### STUDY MATERIAL
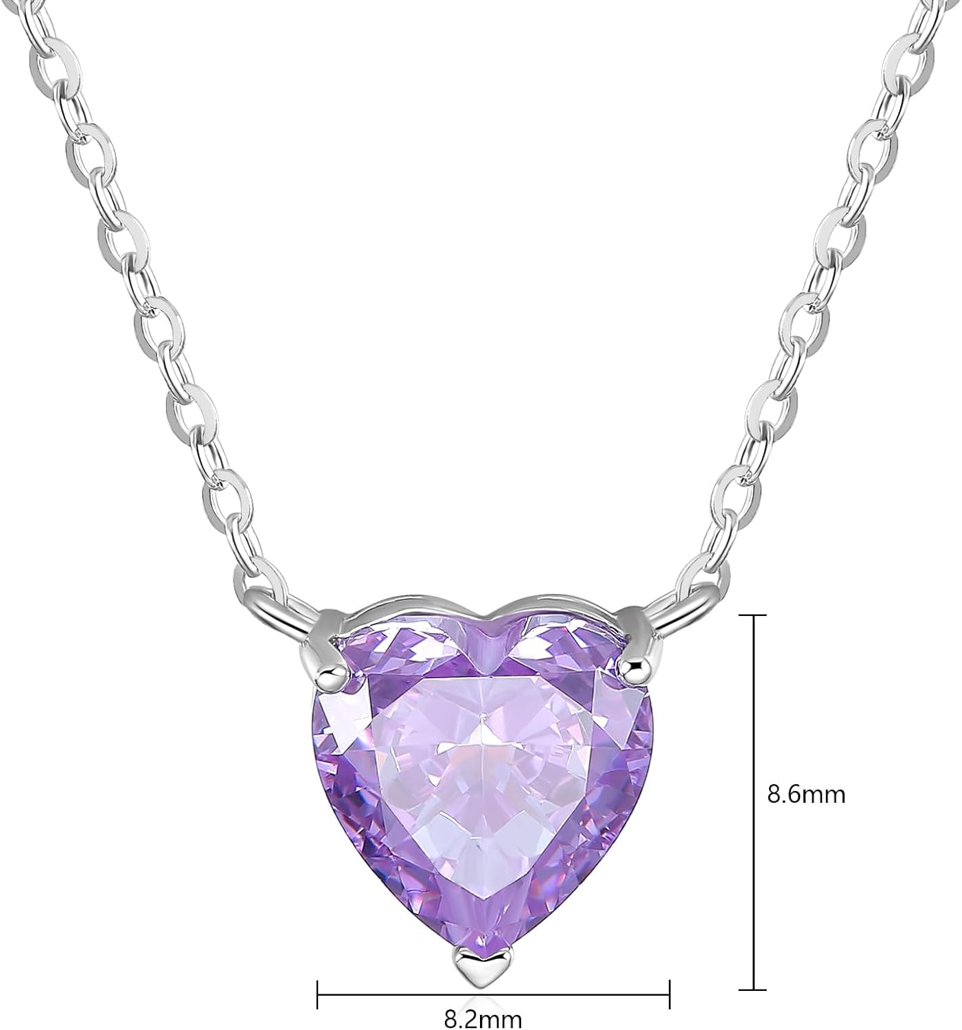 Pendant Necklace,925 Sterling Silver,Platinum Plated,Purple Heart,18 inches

---

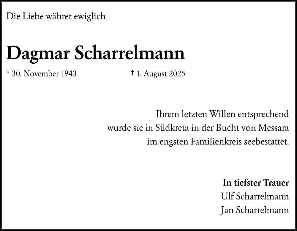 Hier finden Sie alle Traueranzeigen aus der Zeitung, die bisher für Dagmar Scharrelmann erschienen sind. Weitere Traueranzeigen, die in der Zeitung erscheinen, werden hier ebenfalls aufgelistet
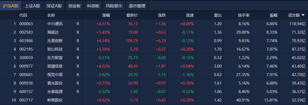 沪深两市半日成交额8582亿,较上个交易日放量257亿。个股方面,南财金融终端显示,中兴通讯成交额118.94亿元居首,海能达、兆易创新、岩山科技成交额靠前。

### EXERCISE AIM
Of the lines above, copy only those from the one holding "Hier finden Sie" to the one holding "沪深两市半日成交额8582亿", both included, and exclude every image.

### TASK OUTPUT
 Hier finden Sie alle Traueranzeigen aus der Zeitung, die bisher für Dagmar Scharrelmann erschienen sind. Weitere Traueranzeigen, die in der Zeitung erscheinen, werden hier ebenfalls aufgelistet
 沪深两市半日成交额8582亿,较上个交易日放量257亿。个股方面,南财金融终端显示,中兴通讯成交额118.94亿元居首,海能达、兆易创新、岩山科技成交额靠前。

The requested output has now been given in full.